By Attorney Adam J. Wiensch, Foley & Lardner LLP, and Cale Battles, Government Relations Coordinator, State Bar of Wisconsin
Adam J. Wiensch is a partner in the Milwaukee office of Foley & Lardner LLP. His practice is concentrated on advising clients on wealth transfer and protection techniques.
July 8, 2009 – Legislation updating prudence standards that govern the management and investment of funds held by institutions exclusively for charitable purposes has passed both houses of the Wisconsin Legislature and is awaiting action by Gov. Jim Doyle.
The bill (SB 31) implements changes to the Uniform Management of Institutional Funds Act (UMIFA) recommended by the National Conference of Commissioners on Uniform State Laws (NCCUSL) in 2006. Members of NCCUSL spent four years developing and drafting language to replace UMIFA, which was incorporated into Wisconsin law in 1976, with the Uniform Prudent Management of Institutional Funds Act (UPMIFA) for enactment by state legislatures. It applies to funds held by institutions exclusively for charitable purposes.
SB 31 was introduced by State Senator Fred Risser and Representative David Cullen early in 2009 and the State Bar’s Real Property, Probate, and Trust (RPPT) Section actively supported its passage. The University of Wisconsin-Madison, Marquette University and the Wisconsin Bankers Association were among those who actively participated in the legislative process leading to the bill’s enactment.

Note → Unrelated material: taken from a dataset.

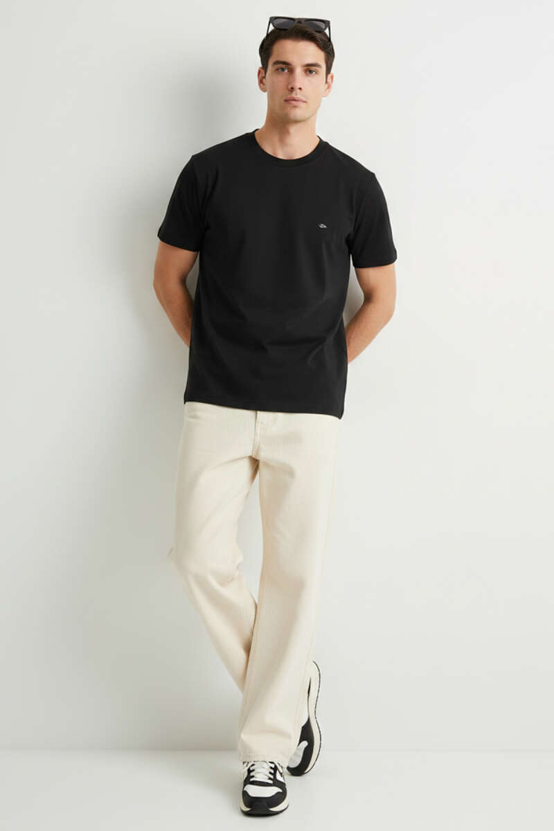 Loyşa Yaka Logolu Erkek T-shirt Siyah
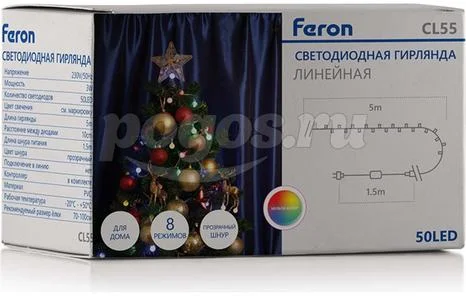 Гирлянда FERON 230V 50 LED мульти, длина 5 м, IP20, шнур 1,5м , CL55 26761, артикул: 26761

The bill updates the prudence standard established in UMIFA to govern the management and investment of affected funds. Under the revised law, one of the enumerated prudence factors is the preservation of the funds, a factor not contained in UMIFA. With respect to the management and investment of assets in these funds, UPMIFA requires those who manage and invest assets to do all of the following:
- Consider the charitable purposes of the institution and the purposes of the institutional fund;
- Manage and invest the fund in good faith and with the care an ordinarily prudent person in a like position would exercise under similar circumstances;
- Incur only costs that are appropriate and reasonable in relation to the assets, the purposes of the institution, and the skills available to the institution;
- Make a reasonable effort to verify facts relevant to the management and investment of the fund; and
- Generally consider general economic conditions; the possible effect of inflation or deflation; the expected tax consequences, if any, of investment decisions or strategies; the role that each investment or course of action plays within the overall investment portfolio of the fund; the expected total return from income and the appreciation of investments; other resources of the institution; the needs of the institution and the fund to make distributions and to preserve capital; and an asset's special relationship or special value, if any, to the charitable purposes of the institution.

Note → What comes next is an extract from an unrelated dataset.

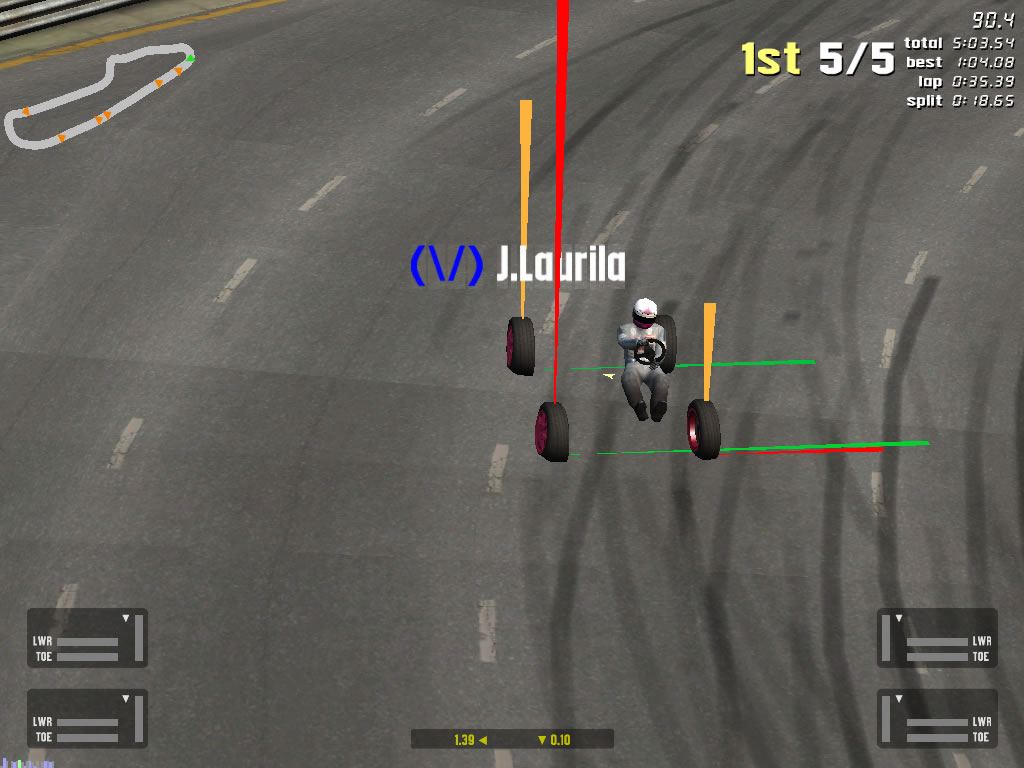 Here I have an example of my teammate Jonesy tapping the wall on South City, and there is no visible damage on the car or even the damage bars, yet it looks like he broke his right front linkage completely. The forces view even proves this. The replay at lap 4 or so should show his car bouncing around. I asked Jonesy and he never even had any damage at all, and this is what I've usually seen when the damage is never "True", and just visual. Probably something to do with lag, but I have seen this a lot. BF1 is a perfect example, where someone might tap a wall and not get any damage, but all of a sudden their car will start bouncing around up and down wildly, but still be driving at a fast pace. Looks really bad. And like when people have their camber slammed to the side, they could be driving and the tire would look like it is dragging, causing a big skidmark wherever the car drives, and tons of smokes coming out the back.
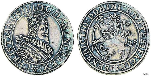 Chodzi o ¼ Speciedalera wybity w Christianii, czyli w dzisiejszym Oslo, za panowania króla Christiana IV. Dla polskiego numizmatyka to moneta egzotyczna, rzadko spotykana i znacznie mniej znana niż nasz gdański ort. A jednocześnie – należy dokładnie do tej samej klasy wagowej i pieniężnej: to po prostu ćwierć talara.

UPMIFA authorizes an institution to appropriate for expenditure or accumulate so much of an endowment fund as the institution determines is prudent for the purposes for which the endowment fund is established. In making a determination to appropriate or accumulate, an institution must act in good faith, with the care that an ordinarily prudent person in a like position would exercise under similar circumstances, and must consider, if relevant: the duration and preservation of the endowment fund; the purposes of the institution and the endowment fund; general economic conditions; the possible effect of inflation or deflation; the expected total return from income and the appreciation of investments; other resources of the institution; and the investment policy of the institution.
SB 31, as amended by Senate Substitute Amendment 1, passed the Senate in May and the Assembly in June. Gov. Doyle is expected to sign the legislation into law soon.